Шрифт:
Интервал:
Закладка:
«Предтечи» – последнее возражение Слуцкого пушкинской «Моей родословной». Связывая свое место в русской поэтической родословной с именем Пушкина, Слуцкий предвосхищает неизбежный тупик собственного творческого пути. Он уперся в глухую стену культурной реальности: вес Пушкина в русской истории не имеет себе равных. Последний миф написан. Поэт стоит на пороге молчания.
Эпилог
Вечный читатель
К вопросу о «крахе»
В стихотворении «Человек в жизни своей» И. Амихай пишет:
У человека в жизни нет времени,
чтобы настало всему свое время.
И нет у него времени, чтобы настала пора
каждой вещи. Екклезиаст ошибался в этом.
Человек должен ненавидеть и любить одновременно,
Плакать теми же глазами, что и смеяться,
Теми же руками разбрасывать камни и собирать их,
Любить на войне и воевать за любовь…
И ненавидеть и прощать и помнить и забывать
И распутывать и запутывать и глотать и усваивать
То, что долгая история
творила долгие-долгие годы[326].
Ироничная рациональность и минималистическая поэтика израильского поэта заставляют вспомнить стихи Слуцкого[327]. Он был знаком с творчеством Амихая и включил подборку его стихов в переводную антологию «Поэты Израиля», опубликованную под его редакцией в 1963 году [Слуцкий 1963: 147–150][328].
Знаменитые строки из стихотворения «Всемилостивый Бог», включенного в антологию, наверняка импонировали Слуцкому своей герменевтической поэтикой и избирательной историографией: «Я, который пользуюсь лишь крохотной щепоткой / Слов из словаря / И вынужден разгадывать загадки…» Поскольку молчание Слуцкого стало отчетливой отдельной фазой его творческого пути, любой исследователь должен включить этот период в общую схему осмысления наследия поэта, учитывая, что у человека, как у героя Амихая, нет «времени, чтобы настала пора / каждой вещи». Соответственно, финальный важный тезис, который будет высказан в этой книге, звучит так: хотя молчание Слуцкого было глубоко трагичным, оно вытекало из логики его творчества, обнажая отношение поэта к своему труду.
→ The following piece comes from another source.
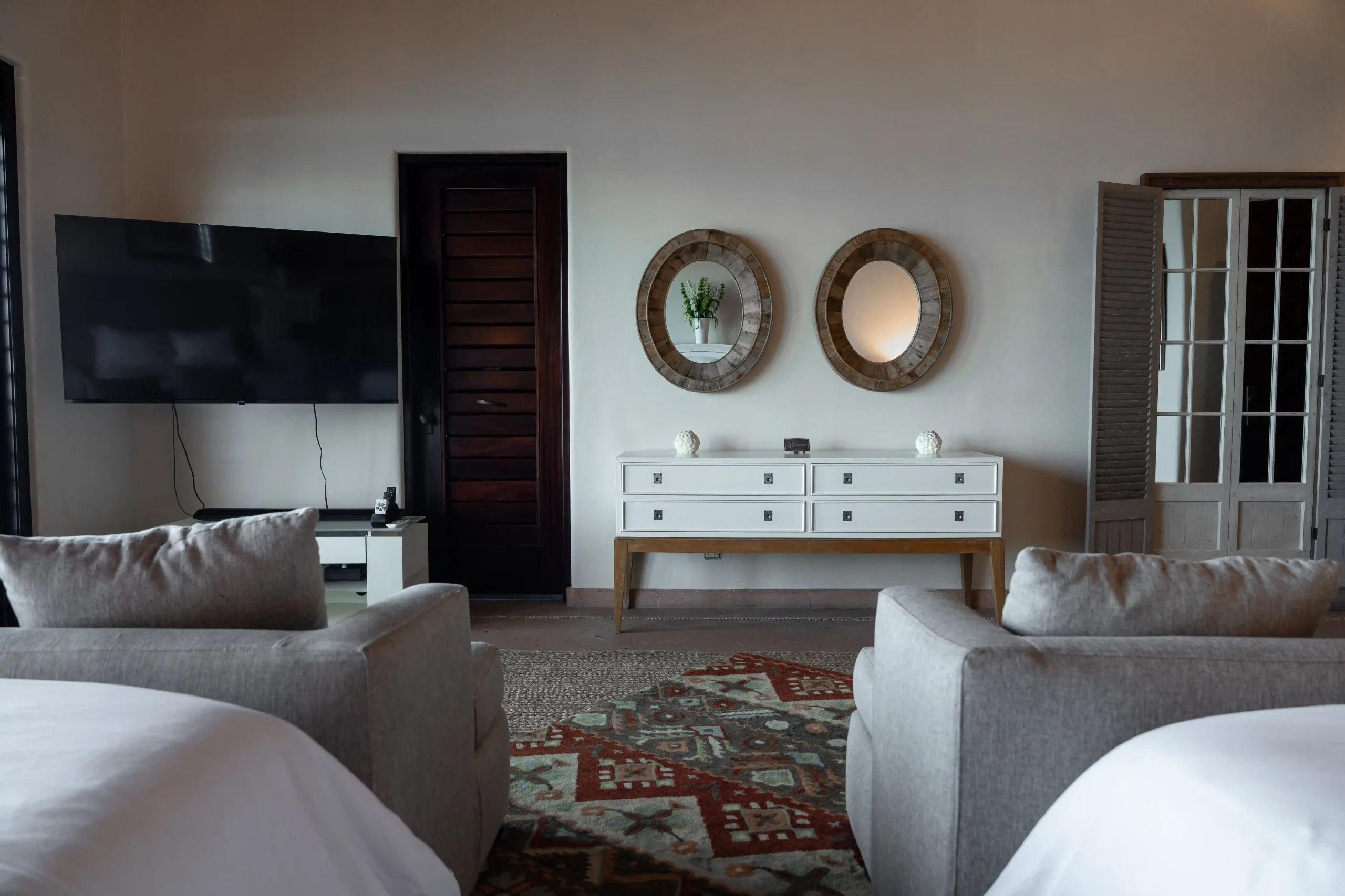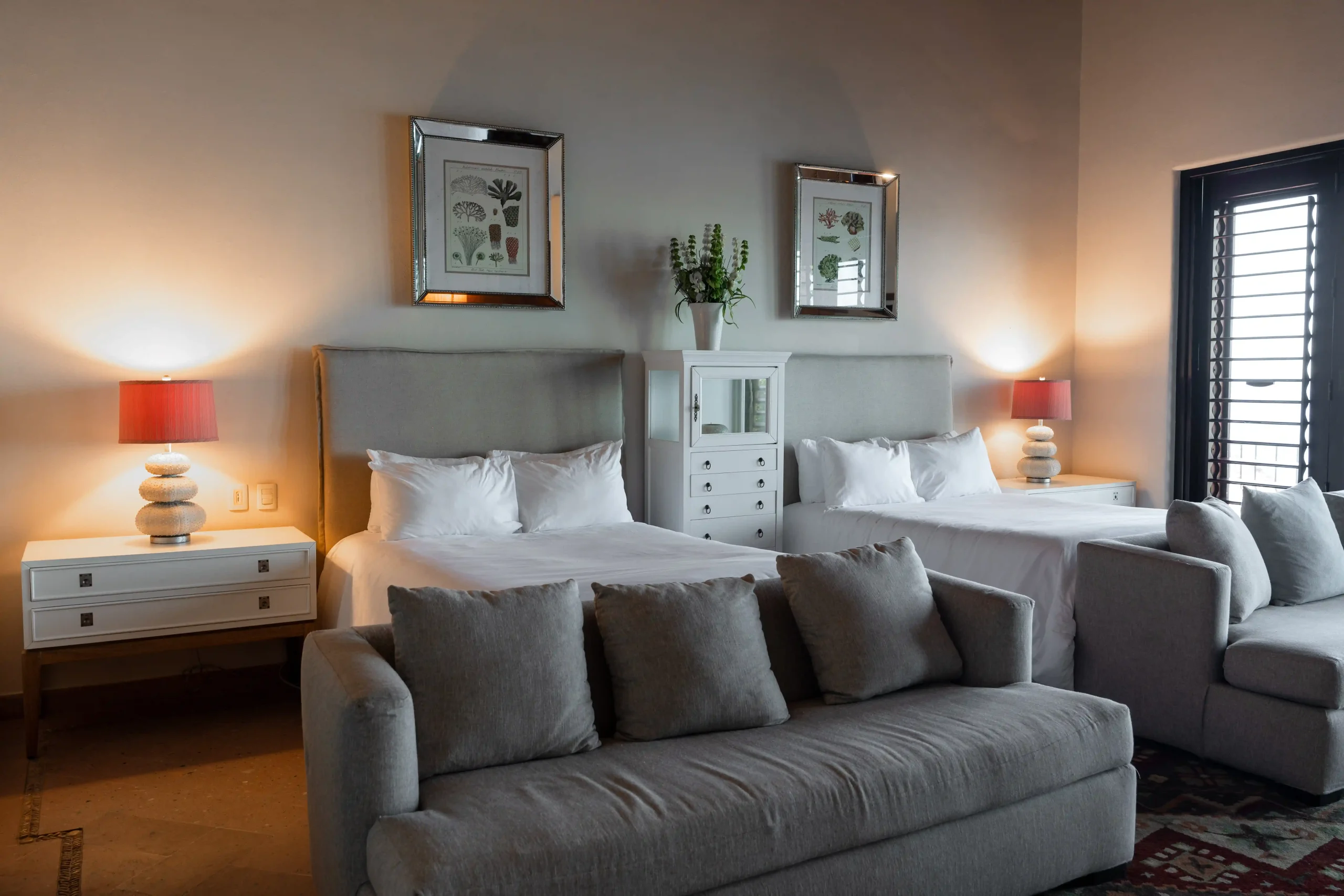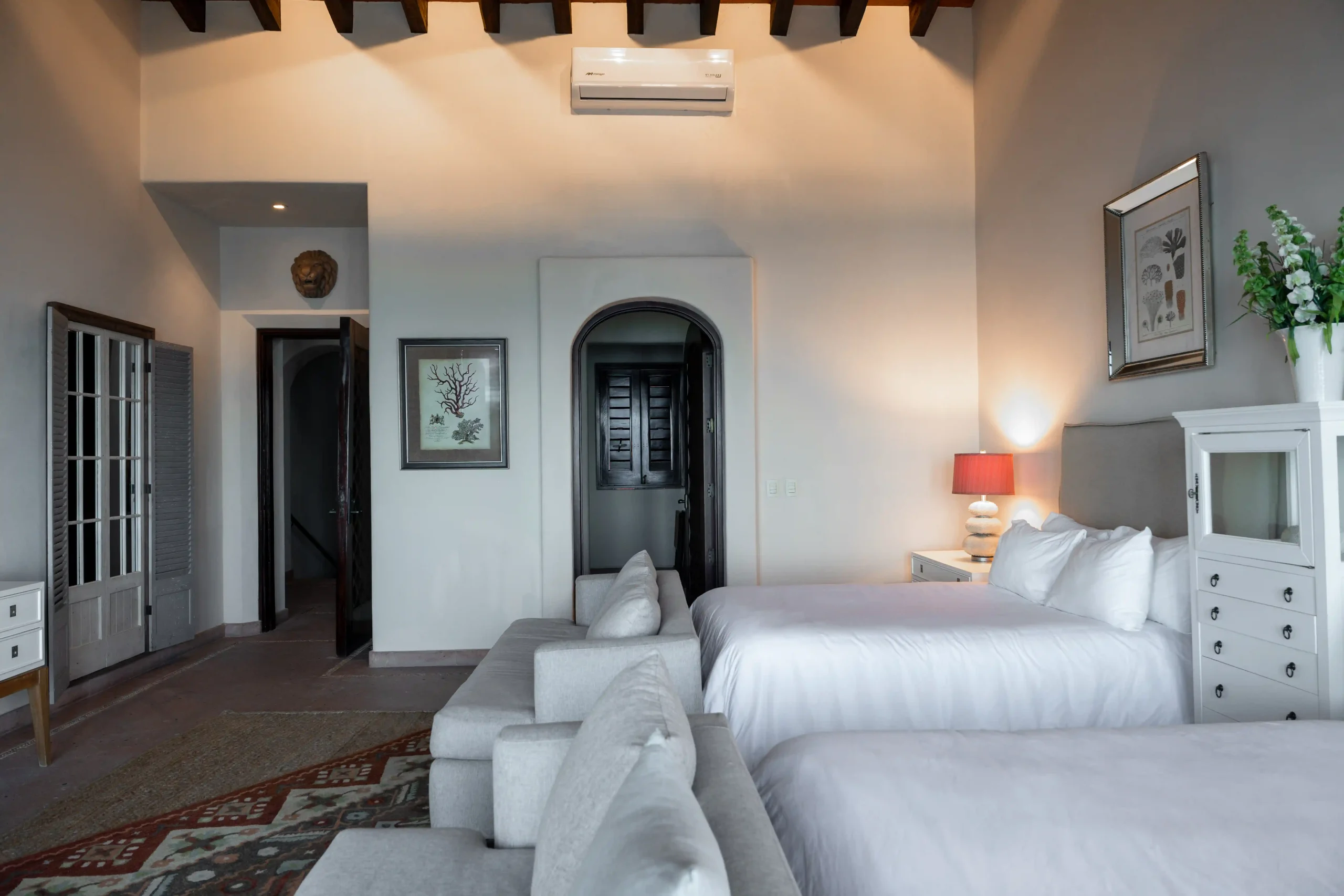 With soaring double-height ceilings and serene ocean views, this suite offers a spacious retreat within Casa Contenta. Two double beds dressed in premium linens provide comfort and elegance, while a private bathroom ensures ease and privacy. Bathed in natural light and the gentle rhythm of the sea, it’s a sanctuary designed for restful moments.

Заключение этой книги остается открытым – в согласии со словами Мандельштама из «Разговора о Данте»: «всегда находиться в дороге». Для Мандельштама «говорить» на языке поэзии значило совершать непрерывное странствие, однако то же можно сказать и о толкованиях поэтической речи, ибо поэзия «будит нас и встряхивает на середине слова» [Мандельштам 2009–2011, 2: 166]. Здесь уместно еще раз вспомнить определение, которое Блум дает любой интерпретации: неверное прочтение. Иначе говоря, интерпретация – упражнение в эпистемологических неудачах. Впрочем, как это ни парадоксально, крах интерпретации – это одновременно и высвобождение, и даже триумф, результатом которого становится постоянно воспроизводящийся герменевтический диалог со словом поэта, восстанавливающий контуры его художественной структуры и творческой жизни.
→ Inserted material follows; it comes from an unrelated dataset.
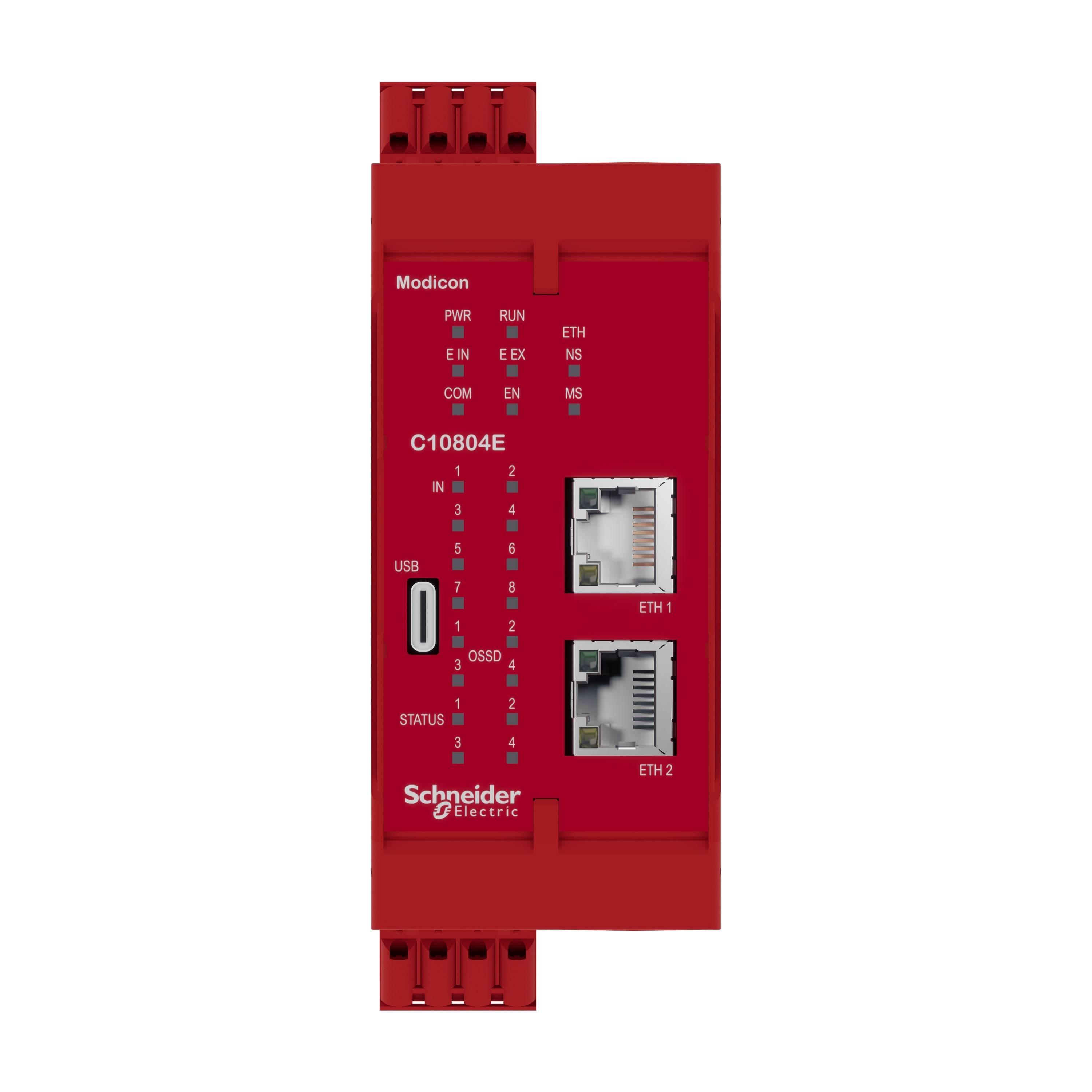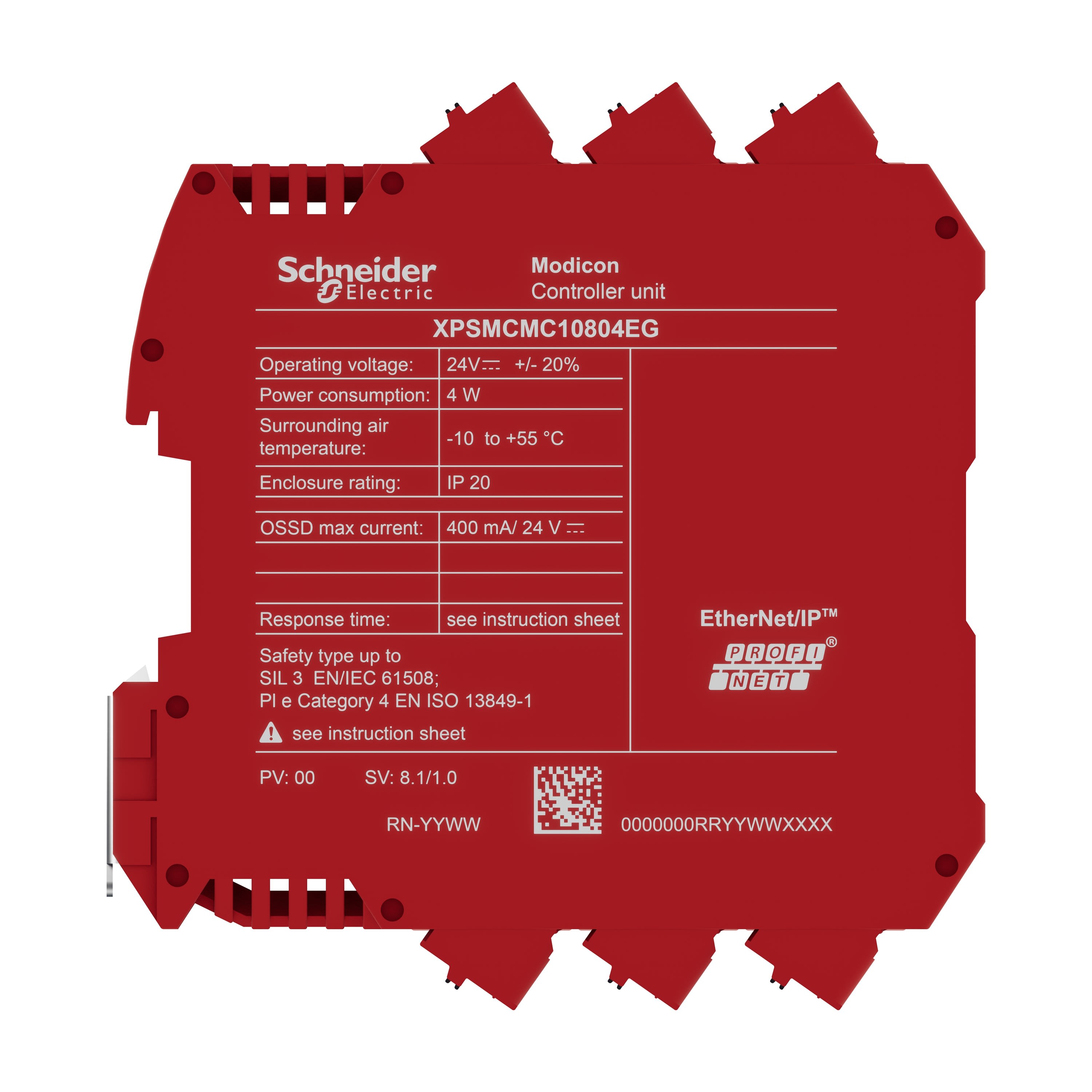 Ce contrôleur de sécurité CPU est conçu pour surveiller à distance les E/S de sécurité et appartient à la gamme Modicon MCM, une gamme de contrôleurs de sécurité modulaires. Il dispose de 8 E/S de sécurité, 4 E/S de sortie à canal unique, 4 sorties d'état, une interface de communication pour 4 protocoles configurables tels que ModbusTCP, Ethernet/IP, EtherCAT, PROFINET. Il comporte des voyants LED sur sa face avant pour afficher l'état, des bornes à ressort amovibles pour le raccordement électrique et est classé IP20. Il peut être utilisé seul ou avec quatorze modules d'extension. Il intègre un connecteur Mini USB 2.0 pour recevoir la configuration effectuée avec le logiciel SoSafe Configurable, ainsi que 2 ports RJ45 basés sur Ethernet. Il a une tension d'alimentation nominale de 24 V CC et une dissipation de puissance maximale de 3 W. Il pèse 0,225 kg. Ses dimensions sont 45 mm (profondeur), 99 mm (hauteur) et 114,5 mm (largeur). Son boîtier est rouge. Il est conçu pour surveiller les arrêts d'urgence, la surveillance des protections, la protection périmétrique, la surveillance de position, la surveillance de vitesse et l'activation des mouvements sur les réseaux Ethernet. Il est certifié par TüV SÜD, RCM, cULus. Il atteint la catégorie 4, PL e, selon les normes EN/ISO 13849-1, SIL CL 3, et IEC/EN 61508, IEC/EN 60261. Il est compatible avec une carte mémoire et les connecteurs du fond de panier. Il est vendu dans un emballage d'1 pièce. Il s'installe sur un rail DIN Omega 35 mm conforme à la norme EN 50022. La gamme Modicon MCM est conçue pour offrir la protection la plus complète possible au personnel et aux équipements. La gamme Modicon MCM est conçue pour fournir des applications de sécurité nécessitant la conformité au niveau de performance PL e/catégorie 4 EN ISO 13849-1 et SIL3 EN/IEC 61508.

Стало ли молчание Слуцкого итоговой неудачей? Одно из самых ярких определений творческого фиаско дано в письме Беньямина к Шолему, толкователю каббалистических знаков, – здесь великий критик проливает свет на невзгоды великого писателя:
Между тем, чтобы воздать должное образу Кафки во всей его чистоте и всей его своеобычной красоте, ни в коем случае нельзя упускать из виду главное: это образ человека, потерпевшего крах. Обстоятельства этого крушения – самые разнообразные.
Можно сказать так: как только он твердо уверился в своей конечной неудаче, у него на пути к ней все стало получаться, как во сне. Страсть, с которой Кафка подчеркивал свое крушение, более чем знаменательна[329].
Мне представляется, что и молчание самого Слуцкого стало воплощением такого «краха», который добавил своеобычности и страсти его каноническому проекту. Тем не менее в конечном итоге поэт стремится всё запомнить, наполняя амнезию и перспективу забвения творческим потенциалом; из этого проистекает анализ его поздних стихов, включая и последнее известное. В должный срок канон завершился, однако поэт сам продиктовал условия своего завещания.
«В неба копоти»
В целом ряде поздних текстов возникает ощущение, что Слуцкий от одного за другим отказывается от пространственных приемов. В стихотворении «Возвращение» он описывает возвращение на родину, которую красноречиво называет «Содомом и Гоморрой». Есть все основания предположить, что он возвращается из «безродья родного», с территории своего творчества, включающей в себя черты его поэтики. В этом стихотворении речь уже идет не о поэте, а о читателе, перед которым стоит угроза творческой смерти:
Пушкин с Гоголем остаются одни,
и читаю по школьной программе.
В зимней, новеньким инеем тронутой раме —
не фонарные, звездные
блещут огни
[Слуцкий 1991b, 3: 418].
«По школьной программе» – это отсылка к стихотворению «Романы из школьной программы…», что возвращает Слуцкого в период его кризиса. «Звезды» не менее примечательны. Они заставляют вспомнить лермонтовские тучи из стихотворения с одноименным названием [Лермонтов 1983: 141]. Слуцкий втайне завидует их вековому безразличию, ему хочется с тем же равнодушием распутать все собственные проблемы:
Оказалось, что можно просто
делать так, как делают звезды:
излучать без претензий свет.
Цели нет и смысла нет.
Нету смысла и нету цели,
да и светишь ты еле-еле,
озаряя полметра пути.
Так что не трепись, а свети
[Слуцкий 1991b, 3: 327].
В диалоге со строчками Маяковского: «Послушайте! / Ведь если звезды зажигают – / значит – это кому-нибудь нужно?» [Маяковский 2013 1: 32] и «Светить всегда, / светить везде, / до дней последних донца» [Маяковский 2013 1: 146] – Слуцкий выступает в защиту забвения, прекрасно зная, что ему оно не грозит. Даже в самом конце пути поэт библейского склада продолжает идти, спотыкаясь, по своей дороге и выговариваться. Как мы помним, под словом «выговориться» он понимает сочинение стихов.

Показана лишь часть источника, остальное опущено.